Reactive Iteration - or - How to write a fast Table component

Published: 2023-06-27 by Lars  codeperformance

Sometimes your app needs to display a large data set with changes updating the display live. This could be an editable table with thousands of rows, a chart with thousands of points from a live feed, a live map or a deep tree structure. You want updates to happen efficiently, so the UI does not become sluggish and editing becomes annoying. You also want to write a re-usable component to handle this, so you can display different <Table>s and <Chart>s in your app.

The usual way to write such a reusable component is to pass in the data it needs as a "prop". But whenever the data is changing, the component will receive a new object, causing the entire tree or chart to re-render.
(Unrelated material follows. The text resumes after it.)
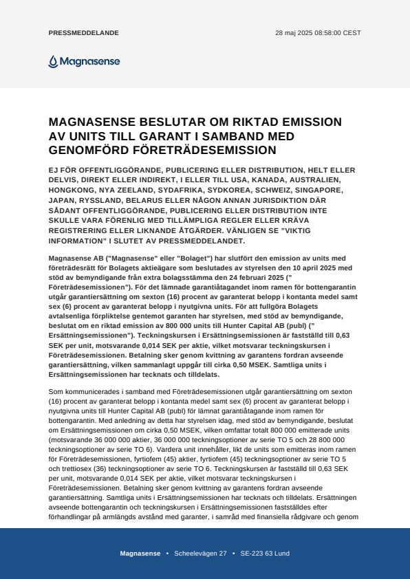 Magnasense AB (”Magnasense” eller ”Bolaget”) har slutfört den emission av units med företrädesrätt för Bolagets aktieägare som beslutades av styrelsen den 10 april 2025 med stöd av bemyndigande från extra bolagsstämma den 24 februari 2025 (”Företrädesemissionen”). För det lämnade garantiåtagandet inom ramen för bottengarantin utgår garantiersättning om sexton (16) procent av garanterat belopp i kontanta medel samt sex (6) procent av garanterat belopp i nyutgivna units. För att fullgöra Bolagets avtalsenliga förpliktelse gentemot garanten har styrelsen, med stöd av bemyndigande, beslutat om en riktad emission av 800 000 units till Hunter Capital AB (publ) (”Ersättningsemissionen”). Teckningskursen i Ersättningsemissionen är fastställd till 0,63 SEK per unit, motsvarande 0,014 SEK per aktie, vilket motsvarar teckningskursen i Företrädesemissionen. Betalning sker genom kvittning av garantens fordran avseende garantiersättning, vilken sammanlagt uppgår till cirka 0,50 MSEK. Samtliga units i Ersättningsemissionen har tecknats och tilldelats.

This is not efficient.

In this post we will describe how to "pass a hook" instead of passing the data to solve this problem in a general way.

We will use an editable table as our example. Also these examples will depend on having "selectors" for app state, here provided by useSelector from Redux, but any other state management solution with selectors, such as Zustand, would work as well.

There is a full demo available on GitHub to supplement the code snippets included in the text below.

A large herd of gnus in Tanzania

(image courtesy of Wikimedia)

Initial implementation - no reusable component

Initially we might just write the table code and iterate the data directly inline without worrying about extracting a reusable <Table> component. The code would then basically look like this (with types and some memoization omitted for brevity throughout this post):

function ProductTable() {
  const stock = useSelector((state) => state.stock);
  const ids = Object.keys(stock);
  return (
    <table>
      <tbody>
        {ids.map((id) => (
          <ProductRow key={id} id={id} />
        ))}
      </tbody>
    </table>
  );
}

function ProductRow({id}: {id: string}) {
  const product = useSelector((state) => state.stock[id]);
  const { quantity, name } = product;
  const dispatch = useDispatch();
  const onClick = () => dispatch(increment({ id }));
  return (
    <tr>
        <td>
          {name}
        </td>
        <td>
          <button onClick={onClick}>{quantity}</button>
        </td>
    </tr>
  );
}

When clicking to increment the quantity of a product, only that row is re-rendered. This is because none of the ids passed to any of the ProductRow component change, and also the useSelector inside ProductRow only triggers a re-render if the return value is a new object, which is only the case for the changed product.

The demo with 10,000 rows looks like this:

Running demo using inline implementation

However, let's look at how we might extract a reusable <Table> component from this code.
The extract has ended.